Sue Young Histories

Erasmus Alvey Darwin 1804 - 1881

July 02, 2008

Erasmus Alvey Darwin 1804 – 1881, nicknamed Eras or Ras, was the older brother of Charles Darwin, born five years earlier, and also brought up at the family home, The Mount House, Shrewsbury, Shropshire, England.

He was the only other boy in the family, the fourth of six children of Robert and Susannah Darwin (née Wedgwood), and the grandson of Erasmus Darwin, and of Josiah Wedgwood, a family of the Unitarian church.

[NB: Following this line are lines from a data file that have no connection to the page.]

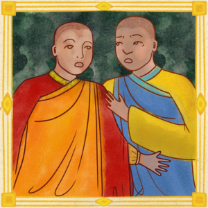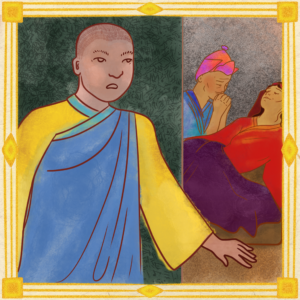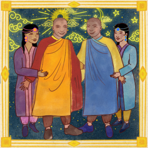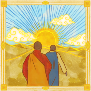 LONG YEARS AGO, there lived in a distant land we now call Tibet a handsome Prince named Sunlight. Sunlight lived in a splendid palace with his father, the ruler of the land, called a Khan. Sunlight’s mother had died when he was a baby, and when he was a young boy his father married again. So Sunlight also lived with his stepmother, the Queen, along with her son, a lad named Moonlight.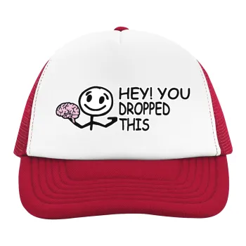 Hey! You dropped this, Children's Soft Trucker Hat with Red/White Mesh (POLYESTER, CHILDREN'S, ONE SIZE)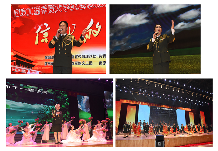 本台晚会由江苏省委宣传部理论处和我校团委联合策划、江苏战旗军旅文工团和我校大学生艺术团共同演绎。据悉,江苏战旗军旅文工团是由红军、新四军、八路军的后代及转业军人、退休干部组成的公益性文工团,平均年龄超过60岁。他们先后深入高校、部队、机关、企业演出80多场,深受好评。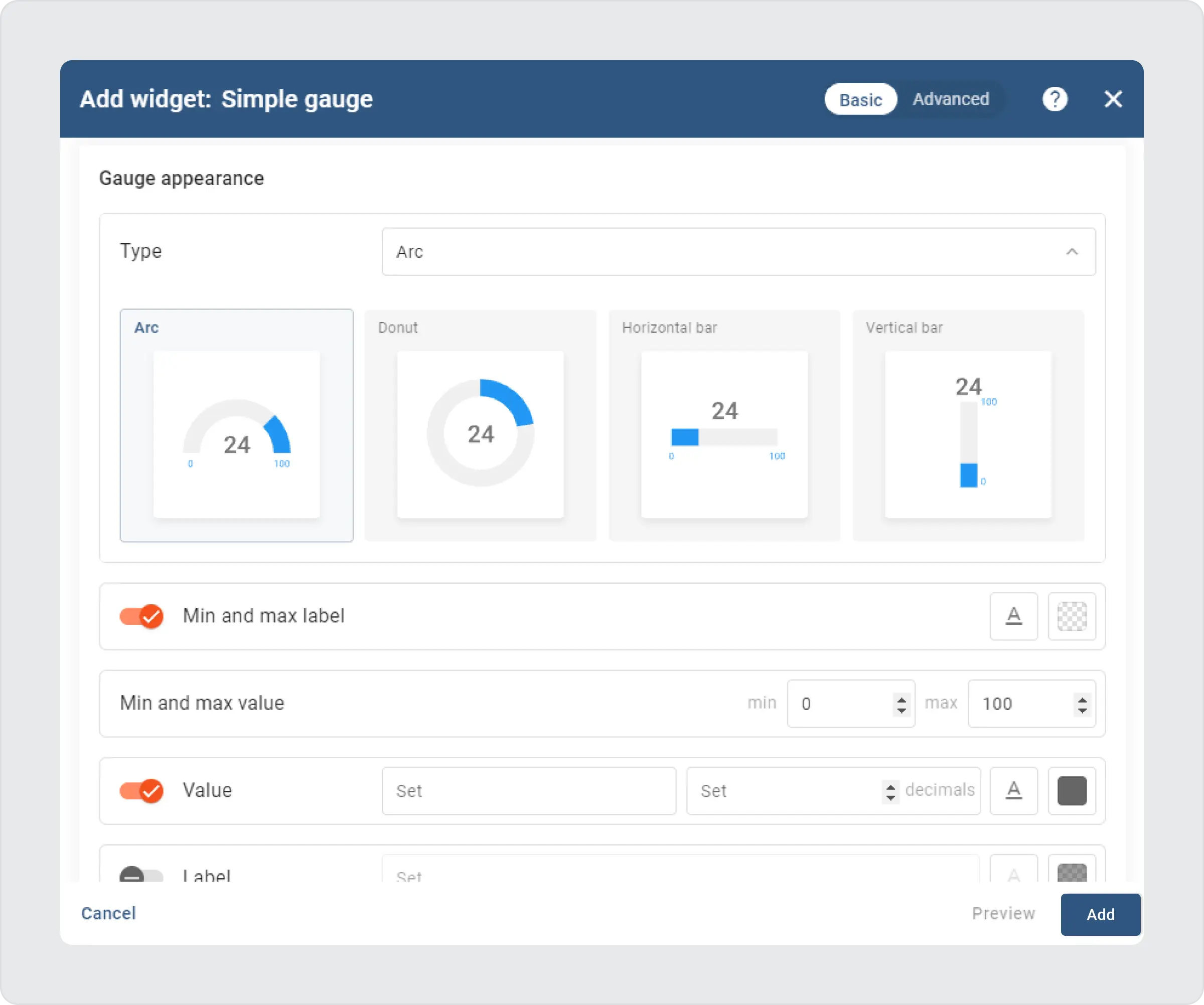 Our digital gauges have undergone significant improvements. We have streamlined the widget configuration, consolidating settings into a basic form and making the setup process more intuitive.
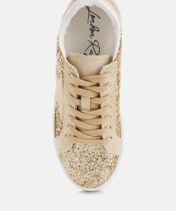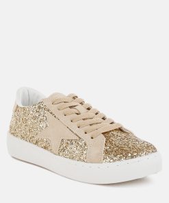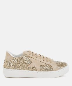 The glitter sneakers are a maximalist dream with the glitter upper and the microsuede star patchwork which adds a contrasting effect to the design of the sneakers. The pair is also quite comfortable with cushion insole and chunky sole which cuts strain and offers a relaxed fit.

Erasmus Darwin was a friend of homeopath Moncure Daniel Conway, who linked together Charles Dickens, Robert Browning, Charles Lyell, and Thomas Carlyle. Erasmus Darwin was part of a social set which included homeopathic supporters Charles Babbage, Erasmus Darwin’s brother Charles Darwin, Harriet Martineau, George Everest and his brother, homeopath Thomas Roupell Everest, Robert Everest (?brother of George and Thomas Everest - a geographer who lived in India). Publisher John Chapman and Thomas Henry Huxley were also part of this group.

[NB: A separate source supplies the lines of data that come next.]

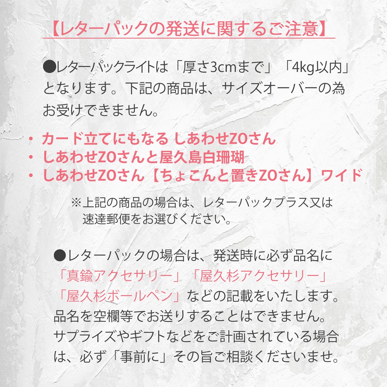 上記の規格をこえてしまう下記の商品は、「レターパックプラス」「速達郵便」をオプションよりお選びくださいませ。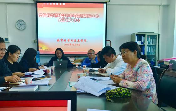 前一段时间,学院党委通过召开党委全委(扩大)会议,印发了学习贯彻党的十九大精神的通知和方案;传达学习了广东省传达贯彻党的十九大精神大会精神和全省教育系统传达学习贯彻党的十九大精神视频会议精神;学院各层面召开了会议,对学习宣传贯彻党的十九大精神作了部署安排;各级党组织、广大党员干部主动对标党的十九大精神,深刻学习领会习近平新时代中国特色社会主义思想的精神实质和丰富内涵,把党的十九大提出的新理念新思想新战略贯彻落实到学院改革发展的具体工作中,取得了初步的工作成效。学习党的十九大精神是一个逐步深化的过程、是一项长期的政治任务。我们要全面认识党的十九大取得的一系列重大成果,深刻把握十九大对我们党在新时代开启新征程、续写新篇章的重大现实意义和深远历史意义,推动十九大精神学习宣传贯彻往深里走、往实里抓。全面准确领会党的十九大精神实质,坚持用习近平新时代中国特色社会主义思想武装头脑,指导实践,推进工作。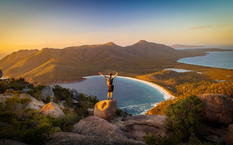 Hòn đảo hoang sơ với vẻ đẹp thiên nhiên nguyên sơ, hùng vĩ. Nơi đây nổi tiếng với những cánh rừng nguyên sinh bạt ngàn, những thác nước đổ xuống từ vách đá cheo leo, những bãi biển hoang sơ cát trắng mịn màng. Đến Tasmania, bạn có thể tham gia các hoạt động trekking, leo núi, cắm trại, khám phá đời sống hoang dã phong phú, hoặc đơn giản là tận hưởng không khí trong lành, yên bình.
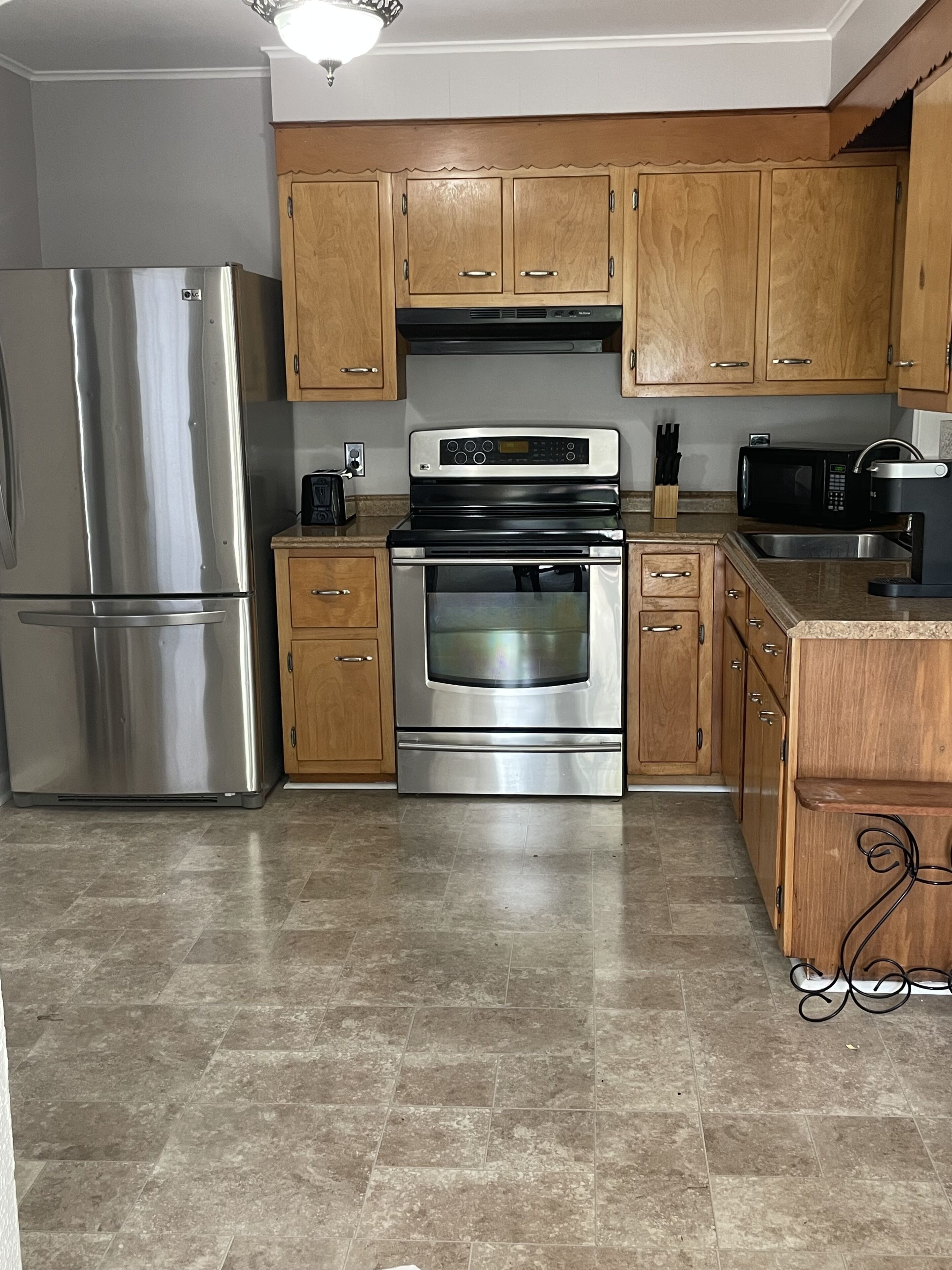 Our newly renovated home is located within walking distance from the lake, and offers several comfortable rooms plus a private patio for your leisure. With three bedrooms, a fully stocked kitchen, and private outdoor patio, our home can accommodate up to 5 guests. The primary bedroom features a queen bed, while the second bedroom has a twin bed and desk. The third bedroom includes a full sofa bed. We provide linens and towels, and deep cleaning between guests.
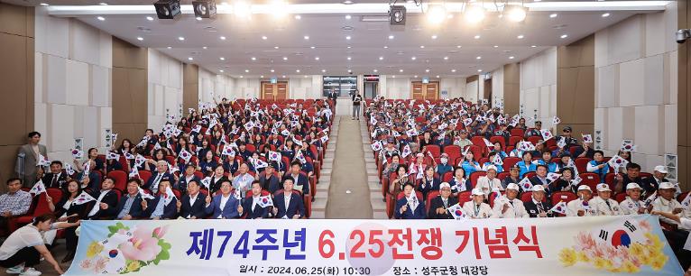 [뉴스서울] 성주군에서는 6.25전쟁일을 맞이하여 성주군보훈단체연합회 주관으로 6.25참전유공자 외 보훈단체 회원 및 학생 등 200여명이 참석한 가운데 군청 대강당에서 6.25전쟁 제74주년 기념행사를 개최했다.

March 06 1837 Charles Darwin left Cambridge and moved in with his brother in London. Over the next few weeks his brother, Erasmus, introduced him to London’s more influential scientific elite’s.

There was an open secret in the family in 1833 that Erasmus was carrying on with Fanny Wedgwood (who was a friend of homeopathic advocate Harriet Martineau)… Erasmus was “paired off” with Emma Wedgwood to avert “an action in the Papers.”

However, Charles Darwin subsequently married Emma Wedgwood on 29 January 1839.

Erasmus Alvery Darwin then ‘took up’ with Harriet Martineau:

In October 1836 after Charles returned from the Beagle voyage, he stayed with his brother in a bustling London, where Erasmus enjoyed a life of literary leisure, his week revolving around intellectual dinner parties, spending his days “driving out Miss Martineau”.

Their father was concerned that Harriet Martineau’s radicalism made her unsuitable as a daughter-in-law, and possibly a bad influence on his boys.

Charles Darwin wrote that “Our only protection from so admirable a sister-in-law is in her working [Eras] too hard. He is beginning to perceive.. he shall be not much better than her ‘nigger’. – imagine poor Eras a nigger to so philosophical & energetic a lady… She already takes him to task about his idleness.”

Charles Darwin called on Harriet Martineau and remarked that “She was very agreeable, and managed to talk on a most wonderful number of subjects, considering the limited time…

In April 1838 Charles Darwin sent his parents the gossip that Harriet Martineau had been “as frisky lately as the Rhinoceros. – Erasmus has been with her noon, morning & night: – if her character is not as secure, as a mountain in the polar regions she would certainly lose it”…

Charles Darwin would still visit Erasmus as one of his relatives and friends who provided safe havens. One such occasion was the Great Exhibition in 1851 when the family came to London and stayed with “Uncle Ras”…

Francis Galton (cousin of the Darwin’s), having caught the fad for Spiritualism, arranged a séance in January 1874 at Erasmus’s house with those attending including Charles Darwin, Hensleigh Wedgwood and Thomas Henry Huxley. Charles Darwin’s son George Darwin hired the medium Charles Williams…

In September 1881 Charles Darwin stayed with Erasmus while his portrait was painted by John Collier.

When Erasmus Alvery Darwin died, Thomas Carlyle wrote the words to be carved onto his memorial marble slab ”one of the sincerest, truest and most modest of men“.

Of interest:

Charles Darwin visited Llandudno in 1824, and his visit is written up in *John Price’s guidebook Llandudno And How To Enjoy It. Charles Darwin was a life long friend of ‘Old Price’, as he called his friend John Price. They had first met as children when Charles Darwin was aged 15 and ‘Old Price’ was aged 21. John Price also knew Francis Darwin and Darwin’s brother Erasmus Alvey Darwin, who was known as ‘Old Strol’. John Price was in correspondence with the children of Henry Thomas, homeopathic proprietor of the Llandudno Hydropathic Establishment.

Charles Darwin’s niece Margaret Susan Wedgwood lived in Llandudno.